What I find interesting is that the radiant point aka black hole is mentioned in one Buddhist text authored by Longchenpa (I think). It is still considered one step short of full realization of egolessness/emptiness. It is still subject to the Madhyamika logic, this shows that any solid thing, like an empty point, is an illusion, that it is still interdependent, nonsubstantial, subject to causation, subject to karma, etc. At this point, it is like the particle/wave controversy in Quantum physics, where two rigorous empirical/logical thinking process arrived at quanta as particles and quanta as waves. Eventually the idea of a "wavicle" came up to unify those two lines of thought.
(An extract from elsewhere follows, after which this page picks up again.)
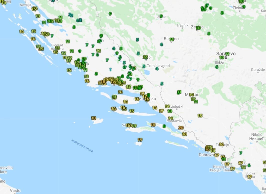 Prohladno je bilo i drugdje u Zagori, posvuda ispod 10 stupnjeva, a uz Peruću i ispod 5°C. Na obali je najnižih 8 stupnjeva izmjereno u Potomju na Pelješcu, a drugdje je bilo od 10 do 18°C.

The atman (self) versus anatta (no self) is a similar controversy and does unify in a similar way. I did find that I had to penetrate the radiant point itself and feel its emptiness and when I did there was an explosion into unity. I went from the 9th consciousness to the 10th through this. The radiant point both exists and does not exist. There is a curious phrase that it exists by "mental imputation", that the mind can label something like a "chair" and make a valid mental imputation (versus invalid one where you call a table by the mental imputation "a chair"). There is something similar going on with the luminous void, because it has "pure thoughts" within it and "we" are those pure thoughts. In other words, pure thought of a fundamental core individual identity is a kind of mental imputation that takes chunk of emptiness and labels it, and then gives it a kind of reality. The difference is that it is not part of our external conditioning, it comes from within, from the luminosity itself. In Jungian psychology, they would call the core individual identity an "archetype". It is what can say, "I AM" within us. When I was inquiring into this, I felt my breathing spontaneous move into a deeper and fuller breath that felt like it was breathing itself. I felt a kind of "empty self" that was relaxed into infinity and which included the physical body on the other side (which was feeling at peace with the injury process and is feeling better now). Everywhere was felt a warm feeling of Presence. Dogen Zenji seemed to describe this when he said, "The universe is a bright pearl (and there is nothing else but this).
I am quite sure that I will have refined my understanding later on about all this and put all this into clearer words. But I wanted to share something of what was actually contemplated as it flowed within me, what connections were being made, and what resulted.